Larry had a point. I did often dwell on the past, reading history books and researching genealogy. And recently I had been fretting about my dad, who had fallen ill with Alzheimer’s disease. Meanwhile, Margaret knit sweaters for babies who weren’t born yet and bought furniture for a vacation home that hadn’t yet been built. Larry helped me see that Margaret’s eye on the future and my lens on the past were complementary. My hindsight imbued our family with meaning, while Margaret’s foresight equipped us for an uncertain future. As my mom used to say, our family was better off with roots and wings.

Larry also set me straight when I shared my hunch that Margaret and I hadn’t been communicating as well in California because my immersion in an expat Canadian community had revived my Canadian nostalgia. Might our communication challenges improve if I socialized across a broader swath of the local community?

“You’re forgetting that Margaret was home with the kids in North Carolina, while you worked full time,” Larry offered. “Now she’s got the bigger job and you’re taking on more at home. Maybe you’re feeling more testy around Margaret now because you feel less in control of the relationship.”

Once again, Larry had a point. Over the past five years, Margaret had gone from being a stay-at-home mom to a globe-trotting executive. During her frequent business trips, I was picking up the slack at home, chauffeuring the kids around, walking the dog, or folding piles of laundry. Larry helped me see that this recent shift in our gender roles had likely introduced new strains in our relationship.

Indeed, Larry showed me that very few of our marital conflicts were caused by Canadian-American misunderstandings at all.
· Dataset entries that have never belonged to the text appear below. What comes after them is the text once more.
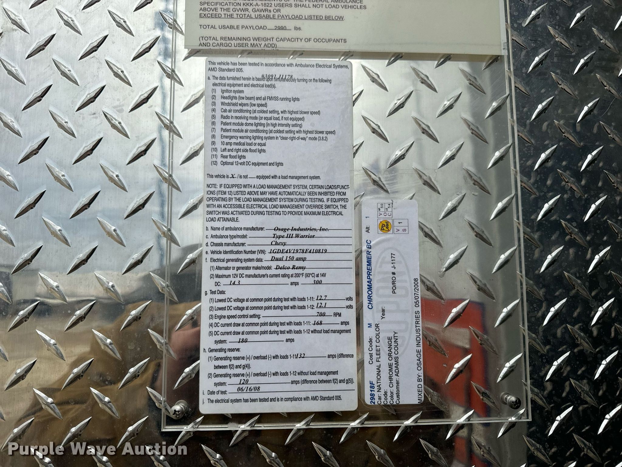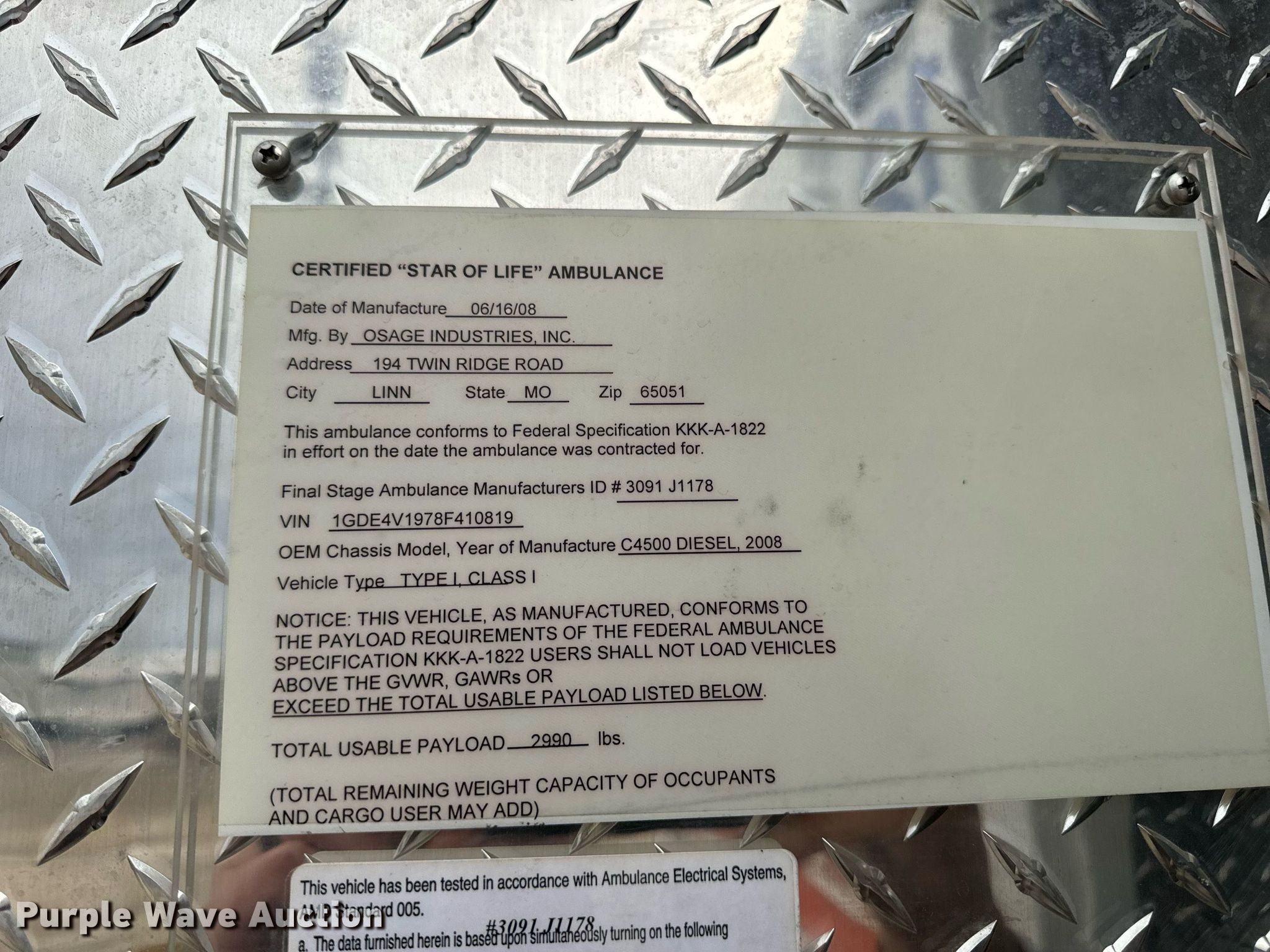 2008 GMC C4500 ambulance. Miles: 156,119 on odometer, VIN: 1GDE4V1978F410819, Unit #: 12. Engine Displacement: 6.6L, Cylinders: 8, Fuel type: Diesel. Transmission Automatic. Chassis Axles: Single, Suspension: Spring, Brakes: Hydraulic, GVWR: 16,500 lbs. Interior AC, Heat, Heated mirrors, Power windows, Power locks, Cruise control, Auxiliary controls. Features Ambulance body Osage Industries Inc. Type 3 Warrior, PA/ siren controls, Oxygen hookups. Tires Size: 225/70R19.5. Notes Non-operational unit, * Unit must be towed or hauled, Engines issues, intermittently goes into limp mode , Engine issues, intermittently will not start. Illinois title. Title distribution may be delayed up to 14 days from verification of funds. Adams County Ambulance & EMS. Quincy, IL 62305
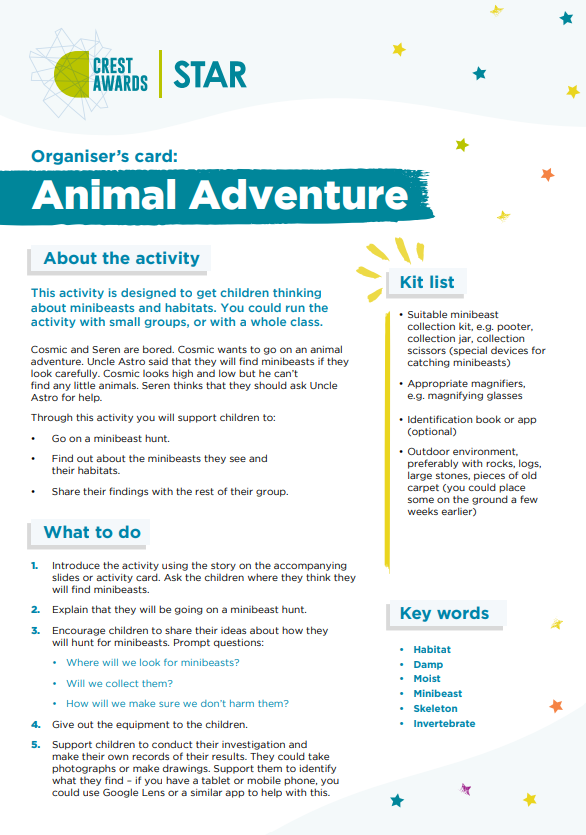 This challenge is designed to get children thinking about minibeasts and habitats. They will explore an outdoor area and go on a minibeast hunt! This editable version of the Organiser and Activity Card can be amended, allowing you to adapt the resources for the needs of your learners.
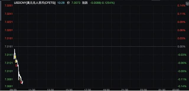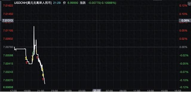 Wind数据显示,截至25日10:29,离岸人民币对美元汇率报6.9999元,较前收盘价上涨77个基点,盘中最高报6.9981元,升破7元关口。
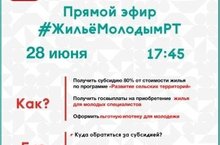 Министерством молодежи Республики Татарстан в рамках мероприятий Всероссийского Дня молодежи, в целях повышения эффективности информирования молодежи о действующих в Татарстане программах и мерах государственной поддержки молодых семей, молодых специалистов в улучшении жилищных условий 28 июня 2021 года в 17.45 проводится второй прямой эфир #ЖильёМолодымРТ.
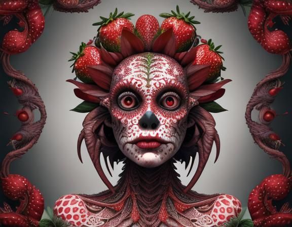 A striking picture of a cute strawberry monster girl with floral patterns. The hyperreal portrait showcases a grotesque yet beautiful creature.
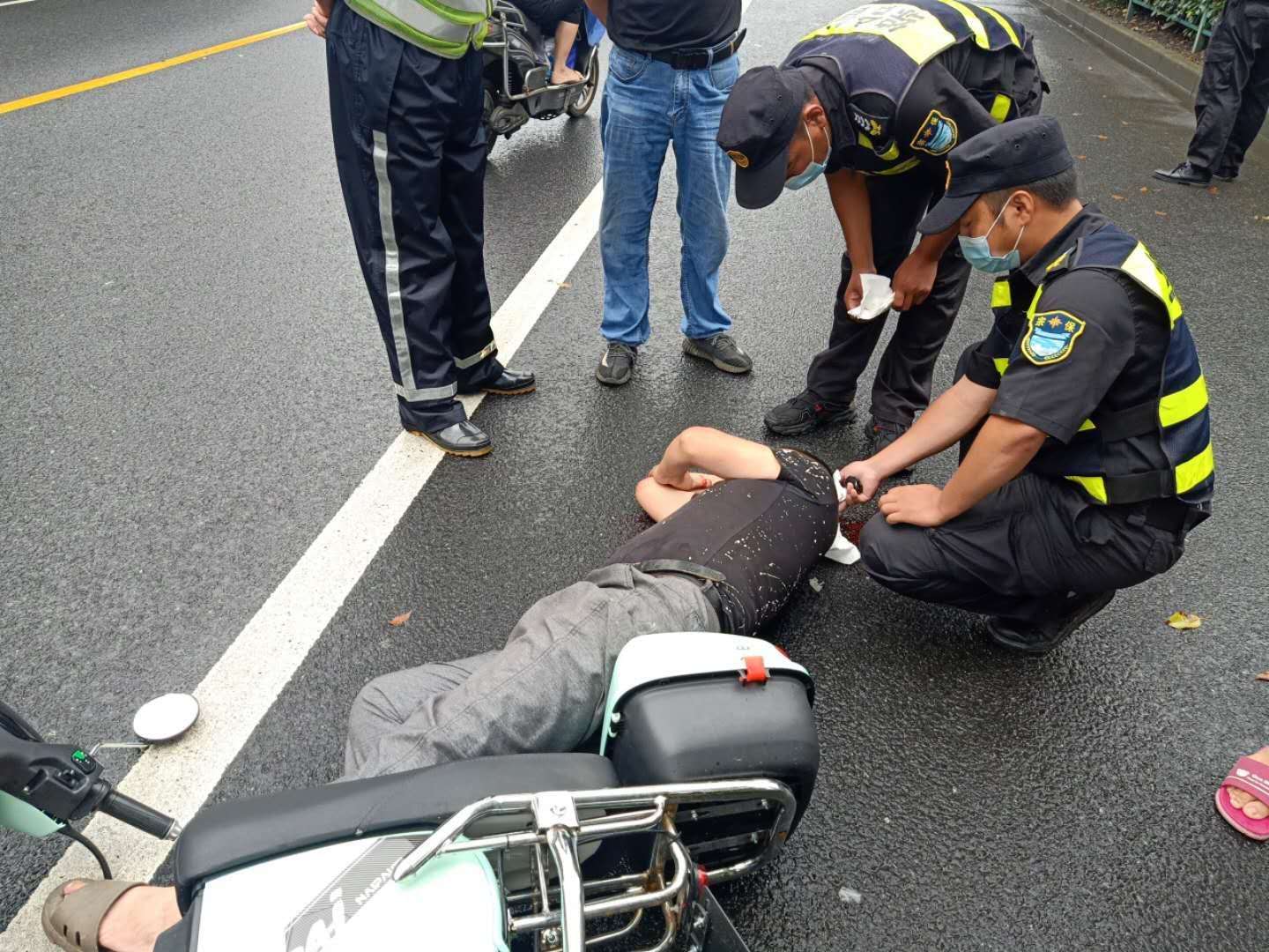 7月16日9:30,宗保公司駐高橋市容項目隊員李旭龍、徐金雷、萬少杰巡邏至草高支路和龍路交叉口時,遇到一名騎電瓶車的男子躺在馬路中間,電瓶車摔倒在一旁,因頭部著地失血過多,已處于昏迷狀態(tài)。

Rather, Margaret and I were struggling with the same challenges that all married couples faced: how to meet each other’s needs, support each other’s dreams and keep the romance alive.

I was grateful to Larry for disabusing me of my Canadian reductionism and freeing me to focus on the true drivers of our marriage—things like love, fear and forgiveness. But even Larry conceded that one of our recurring marital disputes really was just an old-fashioned Canadian-American misunderstanding.

“When you apologize to Margaret,” he explained, “she sometimes hears the opposite of what you intend. Instead of empathy, she only hears you saying sorry, and it seems like you’re making it all about you. I think it’s a Canadian thing.”

Once again, Larry had a point. I do reflexively apologize for anything bad that happens. It’s probably a way for me to avoid conflict—and a bad Canadian habit. And for that, I am truly sorry.